I would like to point out an aspect that hasn't been brought up yet: how do people relate to music that doesn't meet their expectations? Every one of us is raised in a musical environment. There is music all around us, and the more we hear it, the more it is familiar to us. Most people today get to hear American music - rock, hip hop, r'n'b; it can be said that for the western ear this music is our point of reference, more so than classical music. So how do we react to music that deviates from that point of reference, that sounds UNfamiliar?
Listen, for instance, to a Chinese opera. When I first heard one I didn't know what to make of it. The sounds, the way of singing and playing the instruments, every aspect of it sounded totally alien to me. I couldn't discern anything I could relate to, like meter or harmony, things that I expect to hear in music.
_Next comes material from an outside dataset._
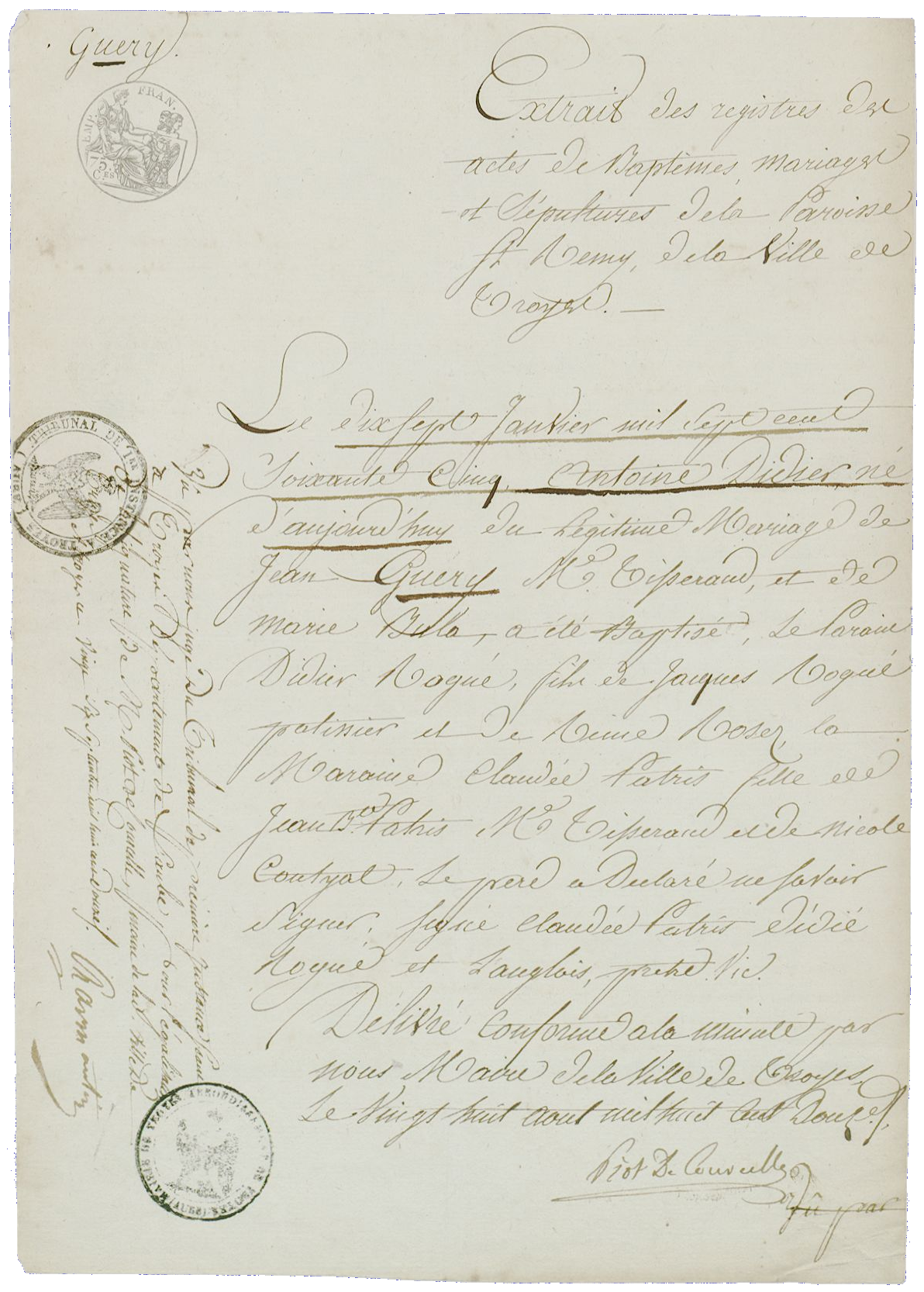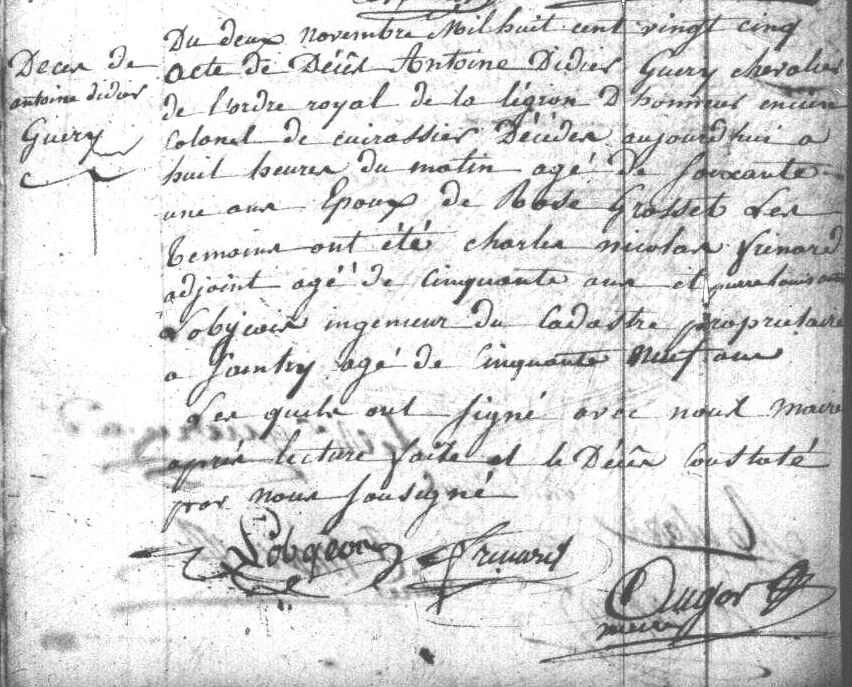 - Antoine-Didier Guéry, né le 17 janvier 1765 à Troyes (Aube) et baptisé le même jour paroisse Saint-Rémi, était le fils du maître tisserand Jean Guéry et de son épouse Bula.

The only reason I could listen to it was that I KNEW - objectively - that it was "good" music. At least, the liner notes on the album said so! But up to this day I am unable to tell the difference between a well performed or badly performed Chinese opera - the music is still a mystery to me.
Similar things happened when European ears first encountered traditional African music. I have been reading more than one account of early western explorers - Portuguese, British, French, Dutch - and when, or if, they mention music they almost unanimously use words like incongruous, shrill, heathen, or just plain 'noise'. (It is interesting to note that these same words were used when white critics reviewed jazz in the 1920s or rock'n'roll in the 1950's - complete with references to 'wild primitive jungle dances' and sexual allusions.)
It wasn't until the early 20th century that musicologists started to take interest in African music and discovered that it wasn't primitive at all. What to the untrained ear had seemed to be just meaningless noise turned out to be, to the trained ears of science, very sophisticated. And by the time the famous African Ballets of the 1950s began to tour the world, it was the cultural elite that flocked the theaters.
So it seems that the perception of music can change over time. Music that at first baffles us, because it doesn't appear to stick to the rules - it comes with different rhythms, different harmonies, or none at all - can become objectively "good". It becomes part of the cultural canon, just as Stravinsky's Rite of Spring, which was booed and ridiculed in 1913 is now regarded a highly acclaimed masterpiece, and jazz, like Chinese opera, is recognized by Unesco as part of the world's Cultural Heritage.